Date: Tue, 11 Jun 1996 17:53:45 -0600 (MDT)
From: Brandon Gillespie <brandon@tombstone.sunrem.com>
To: coldstuff@cold.org

Ok, in the never ending quest for reducing the time of a backup I believe 
Miro (Jenner) has found the best solution.  To keep myself from 
forgetting it I'm posting here (and for feedback).

Basically, right now the driver has done _virtually_ all it can do to 
reduce the time involved in a backup.  What occurs now is:

   * driver goes atomic
   * db sync -- objects in memory are written to disk, usually takes
     microseconds.
   * binary db copy -- copy entire db to a new location, this is the
     slowdown--right now its doing a raw read/write--which is about as
     fast as we will ever get.  The slowdown on backups as the current
     time is one thing: disk/filesystem speed.
   * driver returns to normal operation

The reason you are atomic is you must keep the db syncronized on disk 
during the entire copying process, if you dont it will change halfway 
through the backup and you will have a corrupt backup.

Jenner suggests...

   * driver goes atomic
   * db sync to disk
   * db becomes read-only, changed objects stay in ram-cache
   * driver returns to normal operation
   * fork binary db copy as another process, when it completes a signal
     is sent to the driver.
   * driver receives signal, sets the db as read/write again.

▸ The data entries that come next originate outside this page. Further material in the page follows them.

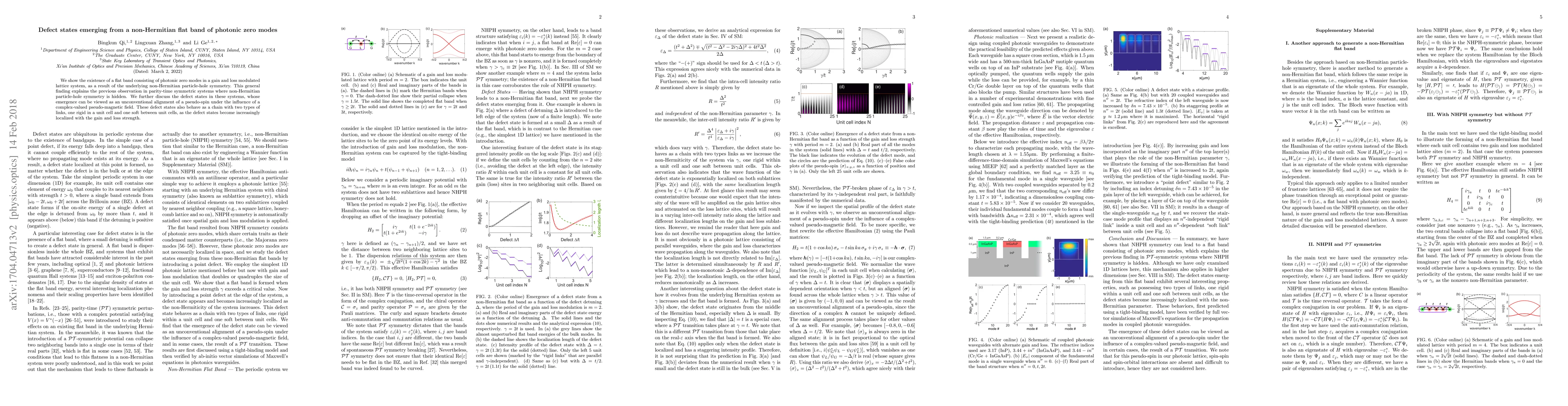 This paper demonstrates the emergence of a flat band of photonic zero modes in a gain and loss modulated lattice system due to non-Hermitian particle-hole symmetry. It explores the resulting defect states, which exhibit unique localization behavior influenced by a complex-valued pseudo-magnetic field, and proposes a practical photonic design using coupled InP/InGaAsP waveguides.
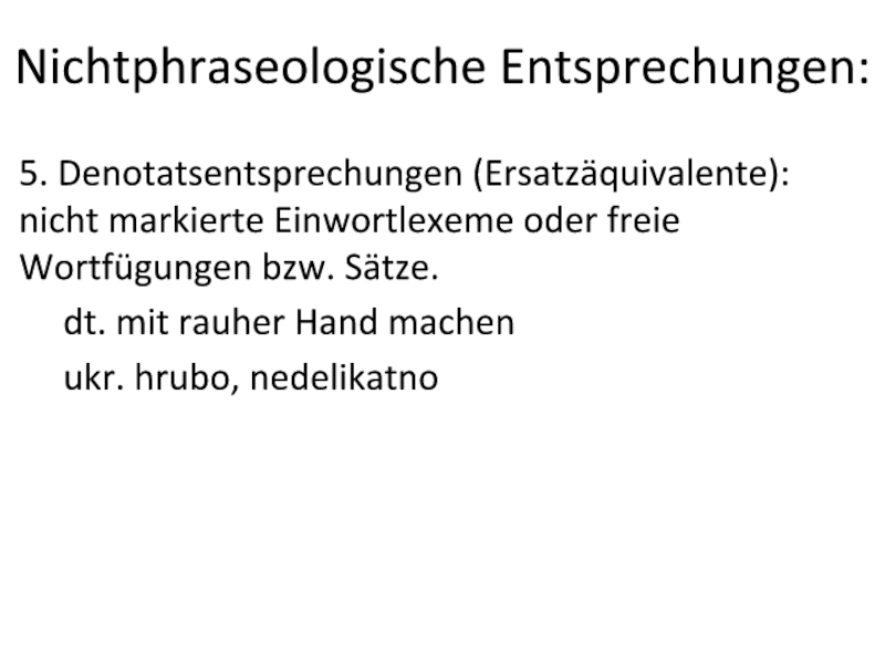 Nichtphraseologische Entsprechungen:5. Denotatsentsprechungen (Ersatzäquivalente): nicht markierte Einwortlexeme oder freie Wortfügungen bzw. Sätze.	dt. mit rauher Hand machen	ukr. hrubo,
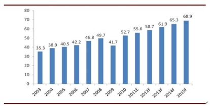 2003-2015年全球繼電器市場銷售額:億美元
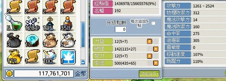 包包280格、雪12XX 、楓幣1E↑ 持續增加中
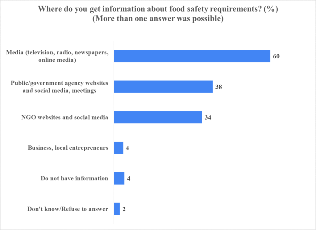 Citizens identify the media (television, radio, newspapers, and online media) as the main source of information related to food safety requirements (60%). In addition, a substantial portion of respondents (38%) use official websites and social media pages of public and state institutions to obtain information. This result indicates that communication produced by state structures does reach part of the public, though its scale and effectiveness is lower compared to the influence of the media. About one-third of respondents (34%) name non-governmental organizations’ resources as a source of information. This data shows that the potential of the civil sector in consumer education and awareness-raising is not being sufficiently utilized (Figure 3).
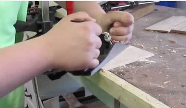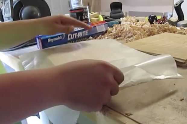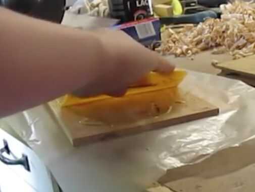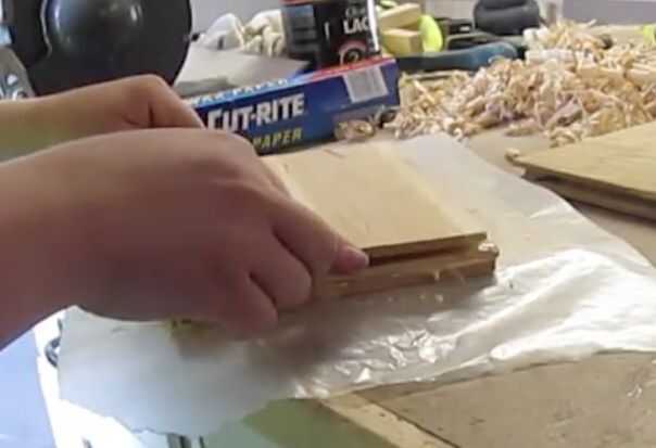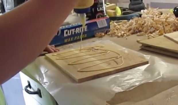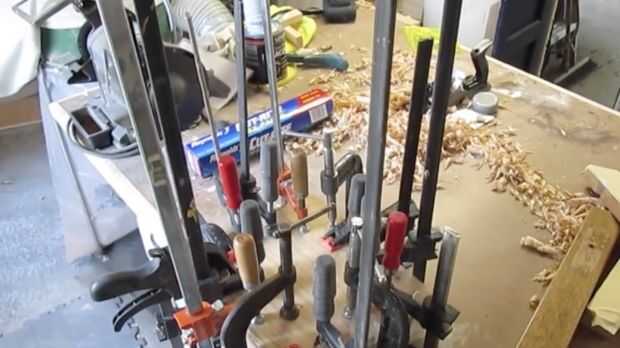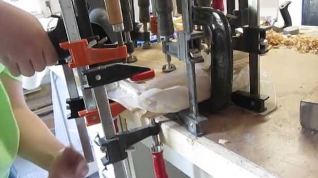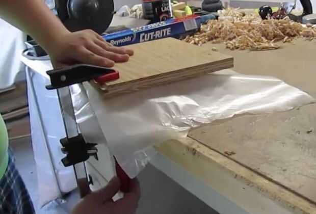 Una vez que el pegamento se haya secado, usé un plano de la mano para aplanar las superficies. Después de eso, pegué las tres capas junto con los paneles con el grano longitudinal en el exterior. Quería distribuir uniformemente la presión de sujeción como he podido, así que envuelve dos piezas de madera contrachapada en papel encerado e intercala las capas entre ellas. Esto ayuda a distribuir uniformemente la presión de sujeción y no tendrás ningún abolladuras en su tabla de cortar de sus pinzas.
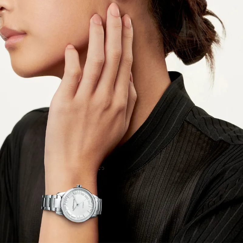 TIFFANY & CO. Часы С Автоподзаводом 34 Мм Корпус Из Нержавеющей Стали Опаловый Циферблат Белого Цвета
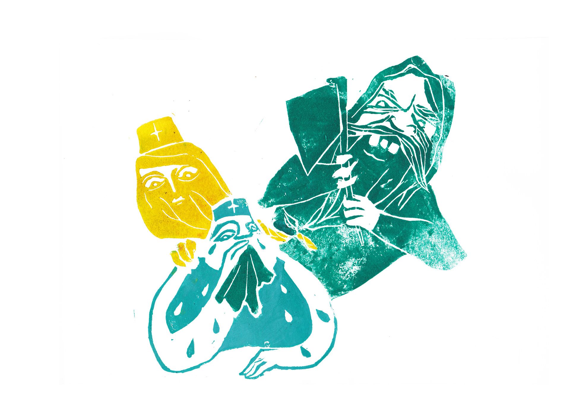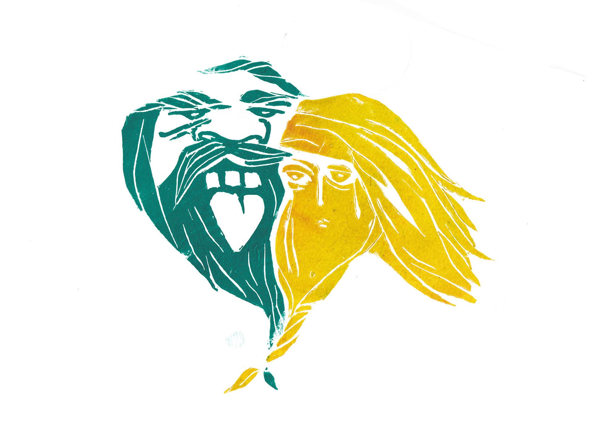 Three linocuts for the shortstory 'De vrouw met de Baard' by Belgian writer Annelies Verbeke.
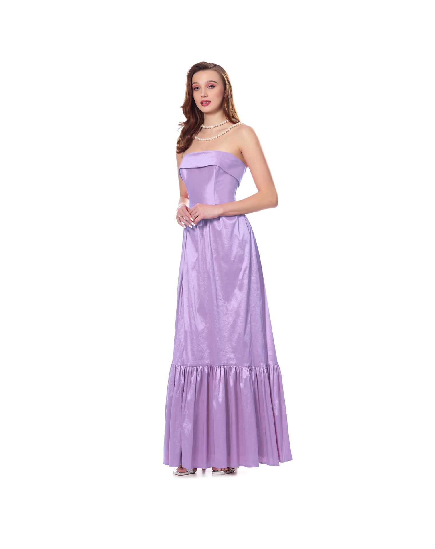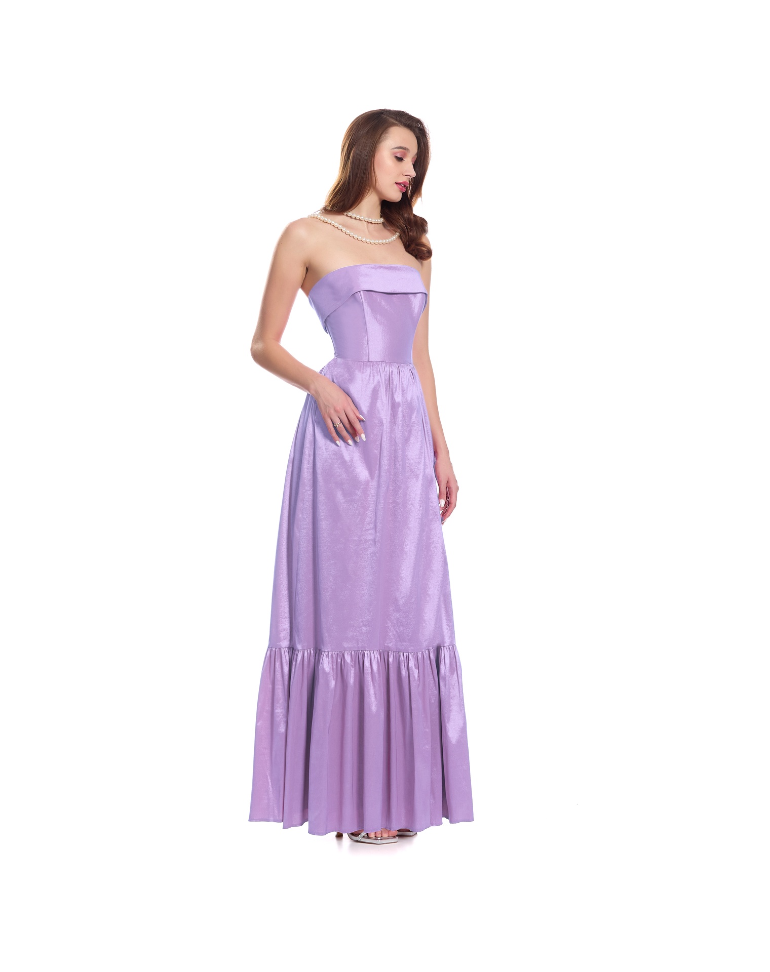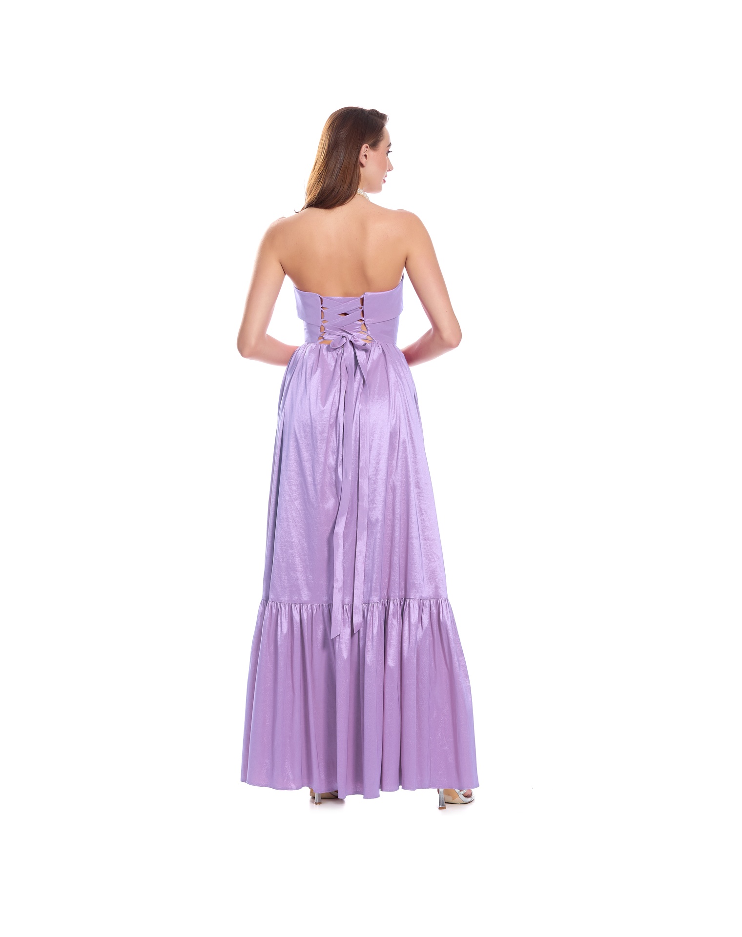 Vestido Largo Lila Strapless Con Jaretas En Espalda Falda Con Olán

Because of this the time involved in the backup will ONLY depend upon how 
large your ram-cache is, and how active your server is (a more active 
server will have more out-of-sync objects in the ram-cache).  Overall I 
doubt it would take more than a second to sync the db except in the rare 
situations.

There is one major problem: the ram-cache can reach capacity.  You can 
get by this by simply starting the driver with a larger ram cache--but 
then you have the problem in that your server may eventually allocate 
all of that cache.  You will not be like a MOO, as after the backup was 
finished the cache would be pushed to disk and the empty holders (still 
allocated) would be pushed to swap.

Another suggestion would be to have a regular cache size and a backup 
cache size.  The backup cache size would be several times larger (perhaps 
even growing as needed).  When the backup was completed it would reduce 
the cache back to its normal size, writing objects to disk as needed.  If 
you are using phk_malloc() (or your OS malloc is very good), the object 
cache holders would be free'd, thereby freeing up pages which are 
RETURNED to the operating system, and your footprint suddenly shrinks.

-Brandon Gillespie-